The paper further reveals that repeated contamination can induce a U-shaped performance curve: initial repetitions of contaminated data improve performance, but excessive repetition (e.g., >10x) leads to degradation, sometimes below baseline. This non-monotonicity suggests overfitting and memorization effects, and underscores the importance of quantifying not just the presence but the frequency of contamination in large-scale corpora.

Critique of N-gram-based Contamination Definitions

The authors systematically filter pre-training corpora using n-gram and Llama 2 definitions, removing up to 30% of tokens labeled as contaminated. The results show no consistent relationship between the proportion of removed tokens and model performance, indicating that these definitions are insufficient for reliably identifying impactful contamination. The strictness of PaLM's definition, for example, results in negligible document removal, while Llama 2's token-based approach is highly sensitive to parameter choices and context.

The paper also replicates evaluation-level contamination analyses (categorizing evaluation samples as "clean", "dirty", etc.), finding that performance differences across categories are marginal and do not support claims of model robustness to contamination. This calls into question the validity of such categorical analyses for assessing contamination effects.

Scaling and Generalization

Experiments with GPT-2-large confirm that contamination effects persist at larger model and corpus scales, with ground-truth contamination still yielding significant performance improvements. However, the absolute performance remains below that of public GPT-2 checkpoints, highlighting the continued importance of pre-training data scale and diversity.

The authors also note that contamination effects are dataset-dependent; for example, in AG News, contamination does not yield substantial gains, possibly due to pre-existing overlap between the evaluation set and the subsampled corpus.

Implications and Future Directions

The findings have several important implications:

  • Current contamination detection methods are inadequate: N-gram-based and token-overlap definitions fail to capture semantic duplication and are easily evaded by paraphrasing.
  • Ground-truth contamination is underappreciated: Inclusion of prompts and answers in pre-training data can substantially inflate evaluation metrics, especially for generative tasks.
  • Repeated contamination and memorization require further paper: The observed U-shaped performance curve suggests complex interactions between memorization, generalization, and overfitting in LLMs.
  • Evaluation-level analyses are insufficient: Robustness claims based on categorical evaluation splits are not supported by pre-training-level interventions.

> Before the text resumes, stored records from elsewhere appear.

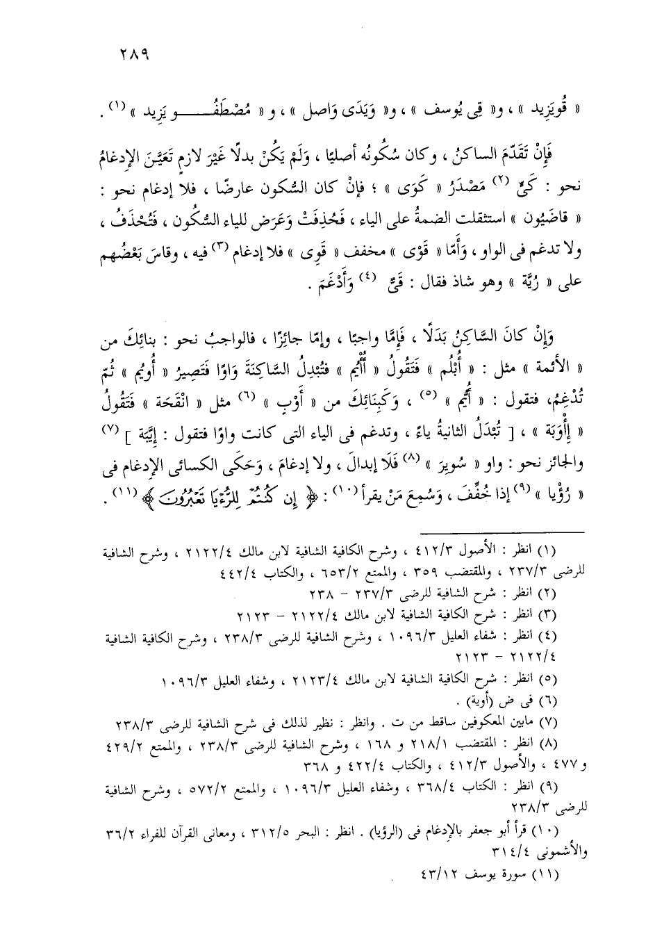 فإن تقدم الساكن، وكان سكونه أصليًا، ولم يكن بدلاً غير لازم تعين الإدغام نحو: كي مصدر «كوى»؛ فإن كان السكون عارضًا، فلا إدغام نحو: «قاضيون» استثقلت الضمة على الياء، فحذفت وعرض للياء السكون، فتحذف، ولا تدغم في الواو، وأما «قوى» مخفف «قوى» فلا إدغام فيه، وقاس بعضهم على «رية» وهو شاذ فقال: قى وأدغم.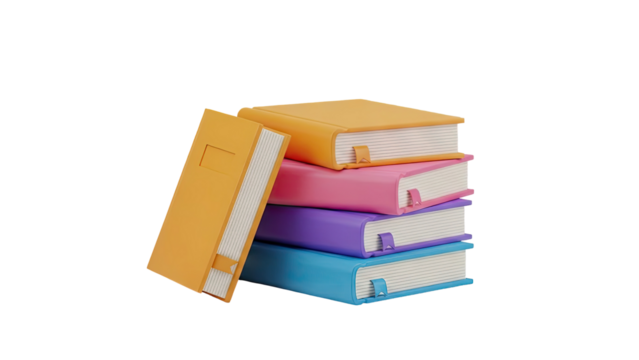 Colorful books on transparent background for educational and reading concepts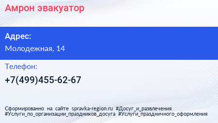 Амрон эвакуатор по адресу Молодежная, 14 в дальнейшем Организация, размещена в следующих категориях:

Future work should focus on developing more semantically informed contamination definitions (e.g., embedding-based, syntax-aware, or paraphrase detection), and on scalable, corpus-level contamination auditing tools. There is also a need for standardized protocols for contamination reporting in LLM research, and for further investigation into the relationship between contamination, memorization, and privacy risks.

Conclusion

This paper provides a rigorous empirical analysis of data contamination in LLM pre-training, demonstrating that both text and ground-truth contamination can artificially inflate downstream performance, and that prevailing contamination definitions are insufficient for reliable detection. The results underscore the necessity for more precise contamination auditing and reporting, and for the development of robust, semantically informed detection methodologies. These findings have direct implications for the evaluation, deployment, and trustworthiness of LLMs in both research and production settings.